Claire Jackson, Kotaku: “The world around me is a wellspring of life. Yet it’s haunted by a creeping shadow of harm. I see it in the people whose towns I visit, their lives marred by a history of a violence. I see it in the mindless, wandering robed remnants of a grotesque military campaign to scientifically produce a perfect soldier. This is a world of beauty and loss. And I fear it’s in its last days.”
Tamoor Hussain, GameSpot: “It's a superbly designed gameplay experience that instills a sense of freedom while also making exploration rewarding in a meaningful way. Refined gameplay that makes character synergy a focal point breathes new life into the slick and satisfying combat, and all the while it reinforces the underlying themes of the story. As a game that has the unenviable task of living up to one of the strongest legacies in the medium, it is a worthy second chapter.”
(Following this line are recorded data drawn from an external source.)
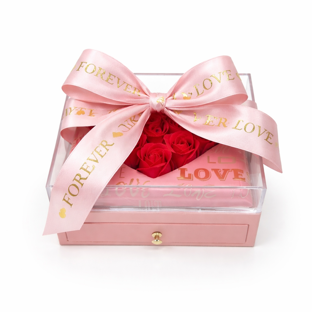 Ky paketim jo vetëm që mbron produktin, por krijon një eksperiencë hapjeje shumë të veçantë – nga trëndafilat romantikë deri te momenti kur zbulohet bizhuteria brenda.
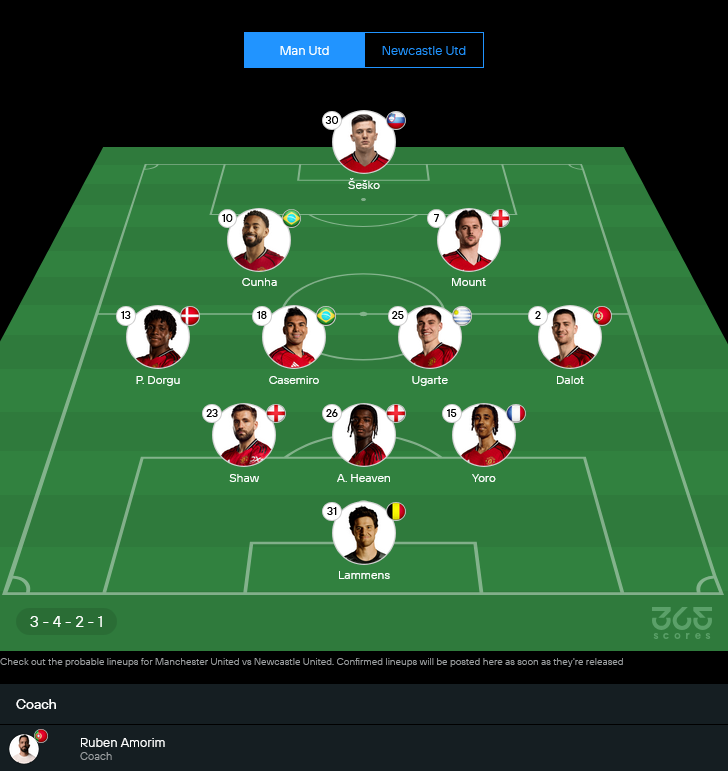 คาดว่ารูปแบบจะใช้เซนเน่ ลัมเมนส์ เฝ้าเสา สามเซ็นเตอร์เป็น เลนี โยโร่, อายเดน เฮเว่น และ ลุค ชอว์ วิงแบ็กขวา ดิโอโก้ ดาโลต์ ฝั่งซ้ายใช้ พาทริค ดอร์กู แดนกลางวาง มานูเอล อูการ์เต้ คู่กับ คาเซมิโร่ ส่วนสองตัวรุกด้านหลังหน้าเป้าเป็น มาเธอุส คุนญ่า กับ เมสัน เม้าต์ ปั้นเกมให้ เบนจามิน เซสโก้ ยืนหอกตัวจบ
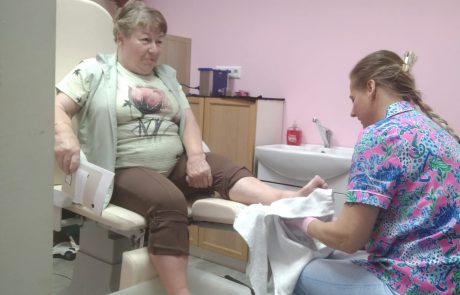 Bewohnerin Gerhild Egger bei der Pediküre
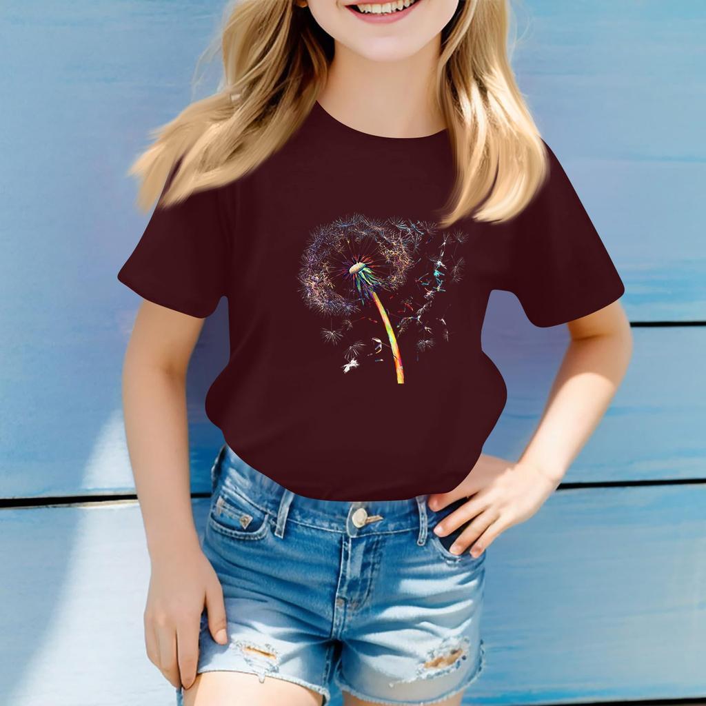 Детская повседневная футболка с круглым вырезом и мелким цветочным принтом, короткий рукав
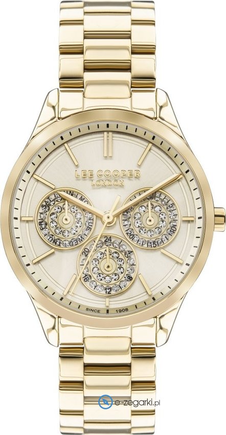Damski zegarek Lee Cooper LC07471.130 to zegarek, który dzięki swemu wzornictwu zawsze będzie prezentował się dobrze. Charakteru nadaje wysokiej klasy cyferblat w kolorze białym. Pokazana metodą analogową aktualna godzina jest czytelna i szybka do odczytania. Koperta jest ozdobiona kolorem złotym szeroka jest na 35 mm - w kształcie okrągłym.

Michael Higham, IGN: “Even with the baffling delivery of its conclusion, some of the new scenes surrounding that finale do offer sobering messages about grief, letting go, and the acceptance of life's inevitable end – and sometimes that also means finding something worth fighting for. These quiet moments encourage a different kind of reflection that the original wasn't able to touch on. How we make sense of our lives and our place in a world full of tragedy is a complicated and messy endeavor that seems full of contradictions, and Rebirth makes that fittingly clear.”
Lewis Gordon, Vulture: “On the contrary, this world continues to be filled with wonder; its people carry on telling stories; they carry on playing games. So back to those children, entertaining themselves in the polluted scrub, transformed into frogs, making the best out of an undoubtedly shitty situation. That’s the essence of Rebirth, a game about getting by in hard times. In spite of its obvious absurdity, it is almost overwhelmingly relatable.”